Example 4: A complete workflow 🔗

Here is an example of an (almost complete) workflow using a RTask, it uses rInputs, inputFiles, install (you can add your R script using resource)

The first two tasks are ScalaTask whose aim is to create OpenMOLE variables that will be used in the RTask. task1 creates a file g and task2 creates y, an Array[Double]. We both put them in the RTask using respectively inputFiles and inputs.
Notice that the conversion from the OpenMOLE type (scala) Array[Double] to the R type vector is made directly by the inputs.
The hook stores the file g in your Workspace, and displays the area.

//////  Create a file for the RTask

val n = Val[Int]
val g = Val[File]

val task1 =
  ScalaTask("""
   import org.apache.commons.math3.distribution._
   import scala.util.Random

   val dist_Unif = new UniformRealDistribution()
   val dist1=  List.fill(n)(dist_Unif.sample()).mkString(" ")

   val g = newFile()
   g.content = dist1
   """) set (
     inputs += n ,
     n := 10 ,
     outputs += (g, n)
   )


   //////  Create a variable for the Rtask
   val y =  Val[Array[Double]]

   val task2 =
     ScalaTask("""
       import org.apache.commons.math3.distribution._
       val dist_Unif = new UniformRealDistribution()
       val y =  List.fill(n)(dist_Unif.sample()).toArray
     """) set (
        inputs += (n,g),
        outputs += (y,n,g)
     )

//////////////////////////

val res =  Val[Double]

val rTask =
  RTask("""
    library(GeoRange)

    # Read the file created by the first scala task
    temp1=read.table("fileForR", sep="")
    x=as.vector(temp1,mode = "numeric")

    # y is the variable created in the second task

    # requiered for the function CHullArea
    liste = chull(x,y)
    hull <- cbind(x,y) [liste,]

    #require GeoRange
    area=CHullArea(hull[,1],hull[,2])

    """,
    install = Seq("apt update", "apt install -y libgdal-dev libproj-dev"),
    libraries = Seq("GeoRange")
    ) set(
      inputs += n ,
      inputs += g mapped "fileForR",
      inputs += y.mapped,
      outputs += res mapped "area",
      outputs += (g,n)
    )


val h1 = CopyFileHook(g, workDirectory / "random_points.txt")

(task1 -- task2 -- rTask ) hook (h1,ToStringHook(res,n) )
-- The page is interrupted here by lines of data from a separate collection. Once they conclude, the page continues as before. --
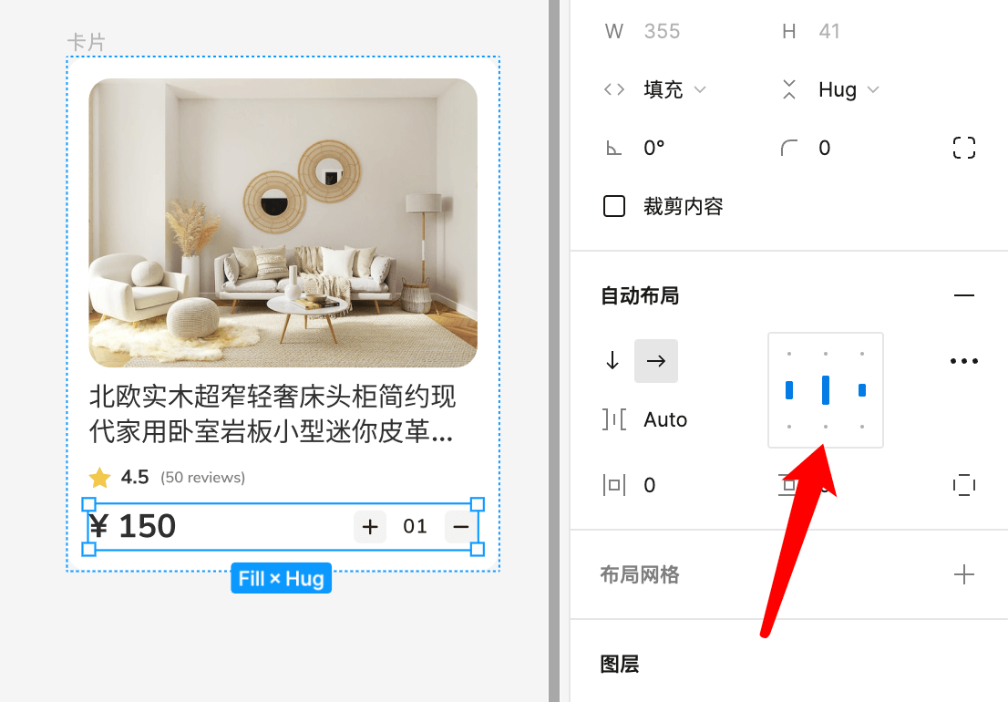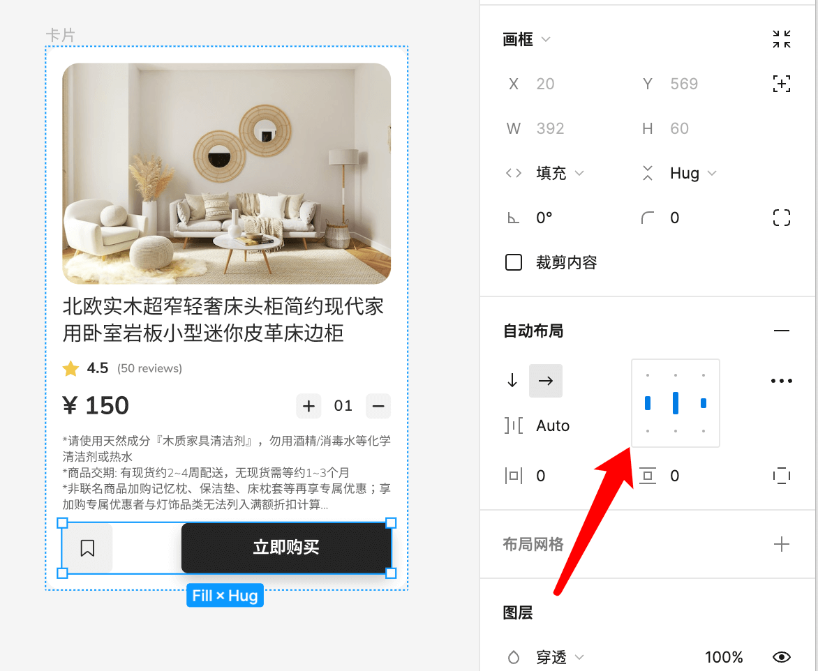 5.接着我们添加价格和购买按钮。先将价格和购买按钮两个添加水平自动布局,然后拖入父级容器。设置为水平方向的填充容器,并添加一下等距分布。这样按钮和价格就会分别分布在左右两侧了。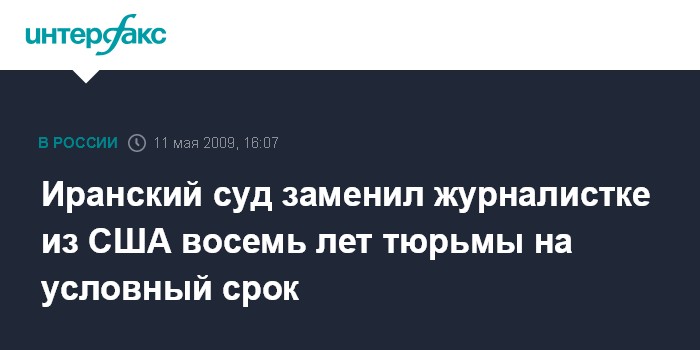 Москва. 11 мая. INTERFAX.RU - Апелляционный суд Ирана сократил приговор американской журналистке Роксане Сабери, сообщает британская телерадиовещательная корпорация Би-Би-Си.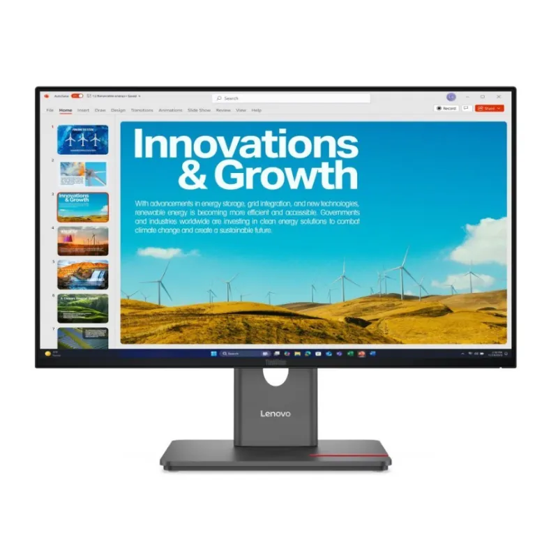 Dopasuj ekran do swojej pracy dzięki zmiennej częstotliwości odświeżania 48120 Hz. Dynamicznie dostosowuje się on do wyświetlanych na nim treści, zapewniając płynniejszy efekt w przypadku szybko poruszających się obrazów lub zmniejszoną częstotliwość w celu oszczędzania energii podczas oglądania nieruchomych grafik. Powiększ każdy szczegół dzięki ekranowi QHD o przekątnej 23,8" monitora ThinkVision P24QD-40. Zasilaj swoje urządzenia na pełnych obrotach dzięki zasilaczowi PD 3.1 o mocy 140 W. Połącz łańcuchowo maksymalnie cztery monitory ThinkVision P24QD-40, aby zapewnić bezproblemową współpracę i bardziej produktywną wielozadaniowość. Zarządzaj zasobami monitora i kontroluj je za pomocą Lenovo Display Fleet Manager (LDFM). To innowacyjne oprogramowanie zapewnia menedżerom IT solidne narzędzia do usprawnionego zarządzania zasobami, wydajnych aktualizacji oprogramowania sprzętowego i scentralizowanej kontroli ustawień.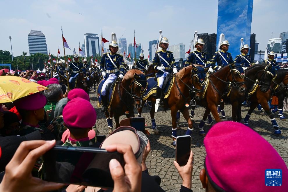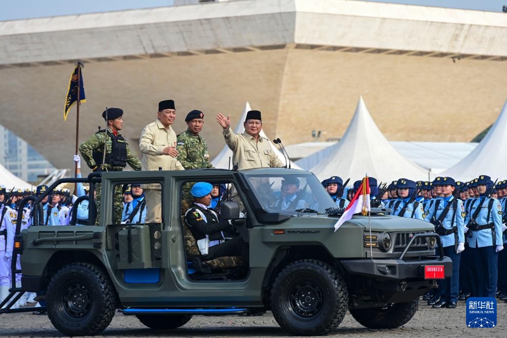 10月5日,在印度尼西亚雅加达,印尼总统普拉博沃出席国民军建军80周年庆祝活动。
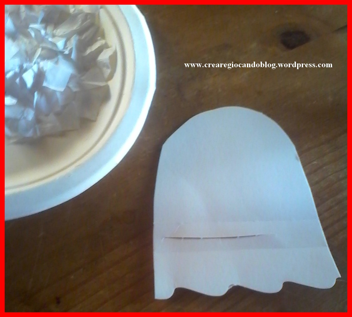 Prendete ora un pezzo di cartone di riciclo e tagliatelo a fantasmino (nel mio caso il fondo del cartone era già ondulato, ma potete farlo voi, fate ora al centro un taglio con la forbice ma meglio con il taglierino.

Remarks about this workflow 🔗

Here is an example of the workflow which avoids passing all the arguments in inputs/outputs, when you don't need them in the intermediary task. It uses slot and capsule.

val a = Val[Int]
val b = Val[Int]
val j = Val[Int]
val res = Val[Int]

val task1 =
  ScalaTask("""
    val b = a+1
  """) set (
    inputs += a ,
    a := 10 ,
    outputs += (b,a)
  )


val task2 =
  ScalaTask("""
    val j = b + 2
  """) set (
    inputs += b,
    outputs += (j)
  )


val task3 =
  ScalaTask("""
    val res = b + a + j
  """) set (
    inputs += (a, b, j),
    outputs += res
  )


val objSlot = Slot(task3)  // we create a slot over the task3
val task1Capsule = Capsule(task1)


((task1Capsule --  objSlot) & (task1Capsule -- task2 -- objSlot)) hook ToStringHook()
 

Notice that a is not an output of the task2, and if you try a classical chain task1 -- task2 -- task3, OpenMOLE will inform you that:

Input (a: Int) is missing when reaching the slot270273838:task3-1057250483.